Alors, quel est le remède, docteur ?

La psychiatre propose plusieurs pistes de réflexion. Pour rétablir l’équilibre de notre balance plaisir-douleur, elle nous suggère d’abord de sortir de notre “zone de confort”. Après tout, si nous sommes si malheureux à force de chercher du plaisir facile, peut-être faut t-il faire l’exact opposé : se mettre dans des situations inconfortables. Par exemple, la pratique du sport (qui demande un effort physique) est de plus en plus étudiée pour soigner les épisodes dépressifs (le rééquilibrage de notre balance se faisant cette fois du côté du plaisir). Le simple fait de prendre une douche froide le matin augmenterait durablement les niveaux de dopamine, tout en régulant l’humeur, l’appétit, le sommeil, etc. Ensuite, la psychiatre nous suggère de retrouver un sens de la connexion, déjà avec soi-même. Par exemple, sortir de chez soi sans smartphone peut sembler barbant au premier abord. Pourtant, réapprendre à s’ennuyer pourrait avoir des effets extrêmement positifs, comme pour la créativité.

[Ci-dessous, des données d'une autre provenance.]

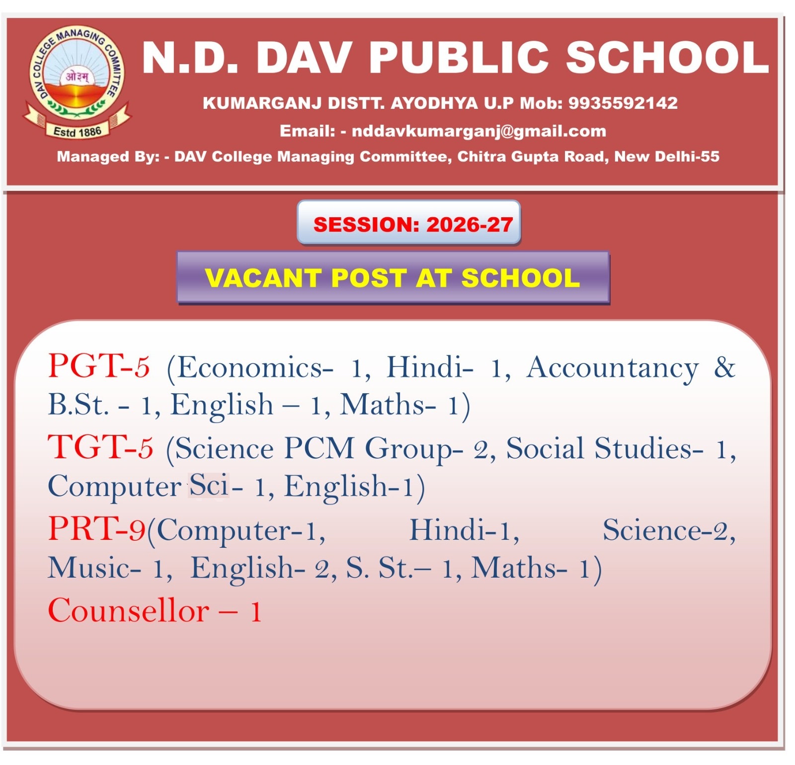DAV Kumarganj was establish in 1993 and since it has been training the flame of DAV we not only educate the students but prepare them for all aspects of life.DAV Kumarganj is situated in ND University of Agriculture & Technology Campus Kumarganj

Mais au-delà de se reconnecter avec soi-même, il faudrait plus largement que les individus parviennent à renouer un lien avec la société. Mais par où commencer ? Lembke propose peu d’idées sur ce plan-là, et c’est peut-être l’une des limites de son essai. On aurait aimé une analyse - et une critique - plus structurelle de la société actuelle. Finalement, on aurait presque souhaité que la psychiatre nous concocte un mini-programme pour donner aux décideurs et aux citoyens des plans d’action concrets ! Ça n’est pas le cas dans ce livre, et c’est peut-être là un acte d’humilité de sa part.

À travers son best-seller, Lembke cherche surtout à retranscrire ce qu’elle vit au quotidien : les histoires stupéfiantes de ses patients addicts à l’alcool, au sexe, ou plus récemment, aux réseaux sociaux, ainsi qu’une excellente analyse des mécanismes d’addiction grâce à ses talents de vulgarisatrice. Mais le problème posé par Dopamine Nation est colossal, complexe, et exigera sans doute des lectures complémentaires pour comprendre toutes les facettes de cette société de l’addiction.

 

Note de lecture rédigée par Victor Fersing, créateur de La Fabrique Sociale, le 6 février 2023.